Claudio Naranjo, Automatic Writing, & the Enneagram. One-year-out Congrats! to Marcia Montenegro and Don Veinot!

 




One-year-out Congratulations to Marcia and Don!


A pastor named Tyler Zach, who promotes what he calls the "Gospel Enneagram," wrote a little tract in which he asked:

"Let's just get to the heart of the matter and ask the question: If some of the Enneagram’s origins do have occultist roots—should this fact alone be enough for Christians to stop using the Enneagram?"

His basic answer is: No, It shouldn't matter.

Strange thing is, I was actually encouraged to see this. Why?

Well, the reason is that he was responding to Claudio Naranjo's 2010 claim in an interview with E. J. Gold that when he was creating the Enneagram of Personality back in c. 1970, he had relied on automatic writing. In the same interview Naranjo also admitted that he had lied about the enneagram being an ancient teaching (see minutes 1:20-4:20 for both admissions). Zach mentions that Naranjo says he originated the enneagram in the clip but neglects to mention that he had previously lied about it (1:20-4:20).

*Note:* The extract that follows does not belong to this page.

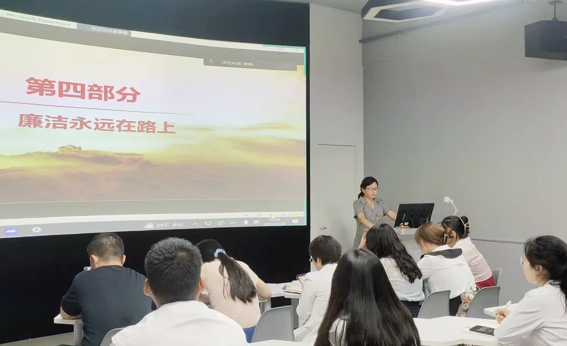 党总支书记田聪讲授的“学党史 讲廉洁”主题党课让全体党员同志牢记初心使命,坚定理想信念不动摇,时刻自重自省,筑牢拒腐防变防线。纪检干部通过集体学习二十届中央纪委二次全会精神,警醒自己要带头遵守纪律,始终坚守政治红线、纪律高压线。通过观看警示教育专题片《永远吹冲锋号》之《铁规矩硬杠杠》,为全体党员敲警钟明底线,希望大家以案为鉴、防微杜渐,始终做到明规矩、知敬畏、存戒惧,坚持锤炼忠诚干净担当的政治品格。

The nice thing about this for me is that, unless I am mistaken, it was exactly one year ago, on January 27, 2020, that I found that clip and sent it on to Marcia Montenegro along with Don Veinot, both of whom ran with it and have been broadcasting its information ever since, on their web-sites in the book they wrote together (along with Joy Veinot), and then in a seemingly endless podcast appearances in which Marcia talked about it.* (Naturally this is not the first time Marcia and Don had spoken about the enneagram, Marcia, a former professional astrologer, had been on it for years).

Just one year ago though, most of the enneagram "christianizers" were blithely repeating in a host of books and videos the false claiming that the enneagram was an ancient Christian tool used by the fourth century Evagrius of Pontus and the Desert "Fathers and mothers" and the 13th/14th century Franciscan theologian Ramon Llull. But now things are starting to change as promoters of the Enneagram are actually having to discuss the true origins of the Ennegram, and to stop telling false tales about it.

To me this in itself is big step forward, which will have a positive winnowing effect in the Church by posing afresh the charge of Joshua 24:15 " Choose this day whom you shall serve." That way people can decide for themselves based on real information whether they want to derive their religious practices from the Scriptures and/or the Christian tradition, or from automatic writing, and that whole realm of Tarot cards, astrological charts, positive energy candles, and, well...the Rev. Moses' Spell & Curse-Breaker Spray.




Of course it is going to take time to get it out of the Church because peddling false stories about the enneagram has become a multi-million industry with the major Christian publishers including even InterVarsity Press, Baker Books, and Zondervan deeply compromised by it. But Zach's admission as to the source of the enneagram and his lame excuse making represents an encouraging milestone along the way.

(Now, as to the obvious question: How do I know the enneagram "christianizers" did not find that clip on their own? Well? Let me just say that I find the idea extremely unlikely since as a rule they don't do their own research but just quote each other, which is why you find seemingly endless repetition from one to the other of the same false historical claims in almost the same language, the very same out of context and misquote passages from Calvin and Augustine, etc. And there is also a tendency for them to be condescendingly dismissive toward those who might try to offer them better information. Mostly they uncritically parrot  the claims of a single book, Richard Rohr and Andreas Ebert’s The Enneagram: A Christian Perspective [2001]).


______
*Apart from Marcia and Don, I don't remember passing it on to anyone except recently to my old pastor Douglas Wilson, who put it in a blog post he was doing on the enneagram. And I am sure the following of that blog has had its own impact.

Comments

  1. Thank you for writing this, Ron Huggins! You make an excellent point. Now that the automatic writing source is being acknowledged, the line in the sand is much clearer. On which side of the line will people take a stand?